年柏彥親自來送機,他看上去有些沉默。
剛聽說素葉要趕往西臧的時候,他是一百萬個不同意。這個時候他覺得素葉就應該待在他身邊,而不是要跑到外面去療傷。他並不是反對丁教授的提議,相反的,如果換做是別人的話,他也是贊同以這種方式來轉移心中的鬱結。
但落在了自己身上,她是他的妻子,又跟他還處於隱晦不明的階段,這個時候離開他還是有所擔心。
素葉心意很決,當時她跟年柏彥說這件事的時候,只是說,我要去西臧了。
她沒有過多的詢問他的意見,很顯然的,這件事她已經決定了。

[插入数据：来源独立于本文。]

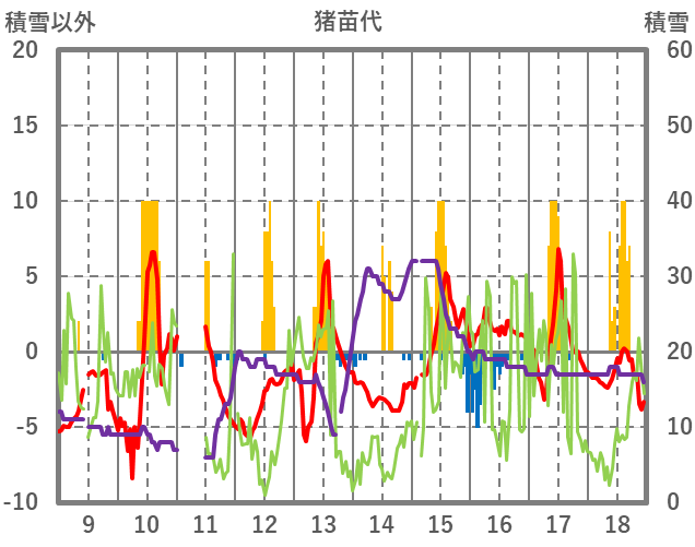 | 日 | 時 | 気温 | 降水 | 風向/風速 | 日照 | 積雪 | 降雪 |

所以年柏彥也尊重了她的意見,一路上對她的安全千叮嚀萬囑咐,又為她額外空運了不少行李,全都是生活上吃的用的,生怕她在那邊受苦。
臨進安檢時,他拉住了素葉,輕聲說,「忙完後我會過去看你。」
素葉輕輕咬著唇,抬眼看他,心頭泛起不捨,他伸手將她攬入懷裡,又叮囑了句,「一定要注意安全,要記得打電話給我。」
素葉心口發緊,下意識地也將他摟緊。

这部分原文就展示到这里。